Have you ever sat on the passage side of a moving car, looked out the window, and wondered by distant objects seemed stationary but objects nearer by appear to move by quickly? As it turns out, this was noticed in the late 19th century and early 20th centuries, and it was a problem noticed by – of all people – Thomas Edison, who created “motion pictures,” but, as pointed out by author Morton Hunt, “Thomas Edison and others who developed motion pictures in the 1890s were content to achieve the effect without understanding what caused it.”
About 20 years later, in 1910, after sitting on a moving train, Max Wertheimer, a psychologist, became determined to explore the underlying phenomenon of this visual illusion.
This became the birth of “gestalt psychology,” a branch of psychology concerned with visual illusion and meaning.
“Wertheimer called such an overall perception Gestalt, a German word that means form, shape, or configuration but that he used to mean a set of sensations perceived as a meaningful whole,” writes Hunt.
In short, “Wertheimer’s theory that the mind adds structure and meaning to incoming sensations was distinctly out of step with the antimentalist psychology that had been dominant in Germany for nearly half a century and in American for a generation,” Hunt writes.
Gestalt psychology, over the years, has had implications that reach beyond interesting visual effects. In the study or art, for example, gestalt psychology has been applied to help understand how the brain creates meaningful patterns, and this is explained because “. . . the mind interprets the sensations to mean what it knows the objects to be.”
Interestingly, however, although its been around for more than 100 years, gestalt psychology has become an interesting niche within psychology. Yet, “Wertheimer saw Gestalt theory as far more than an explanation of perception,” Hunt observes. “He believed it would prove to be the key to learning, motivation, and thinking.”
Throughout the decades, gestalt psychology has gained ground in certain circles. The way Hunt puts it is: “The result was that by the early 1930s, gestalt psychology, though it has become a definite part of the American psychology scene, remained a subordinate part; like the structuralists, functionalists, Freudians, and others, Gestaltists were a minority in the behaviorist-dominated establishment.”
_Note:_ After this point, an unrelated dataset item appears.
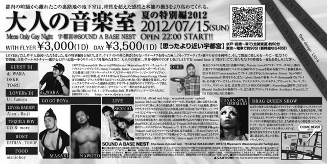 FEE: MEN ADV 3000yen(2D) W/F 3000yen(1D) DAY 3000yen
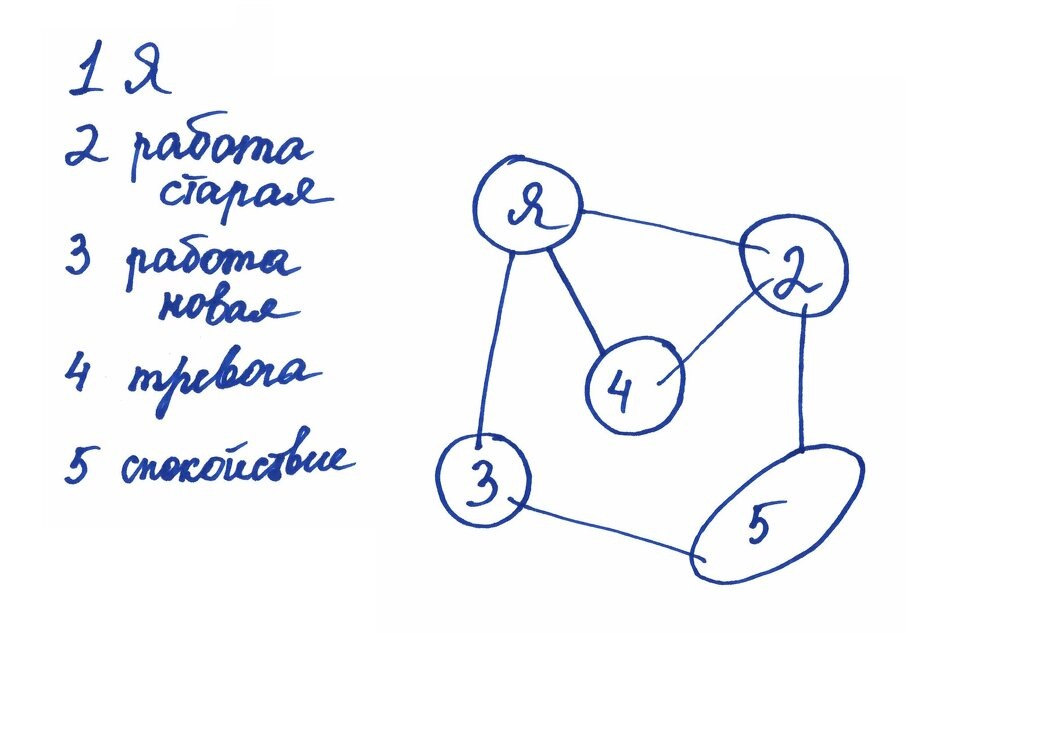 Записывая свои мысли, клиентка составила список ключевых элементов: старая работа, новая работа, тревога и спокойствие. В процессе визуализации она поняла, что хороший контакт у неё состоялся только с тревогой, а вот к другим элементам она испытывала меньше уважения. На этом этапе произошел важный переход: клиентка осознала, что может целиком сосредоточиться на стремлении к спокойствию, вне зависимости от внешних обстоятельств.

In brief, though, the central gestalt doctrine – that the whole is greater than the sum of its parts – has had an impact. As noted above, this idea, and other gestalt ideas, have had an impact on learning, the arts, and other areas of knowledge. Finally, although gestalt psychology has remained a more niche area of psychology, it has still managed to stick around, and it continues to have an impact.
References:
Hunt, M. (2007). The story of psychology. Anchor Books, New York, NY.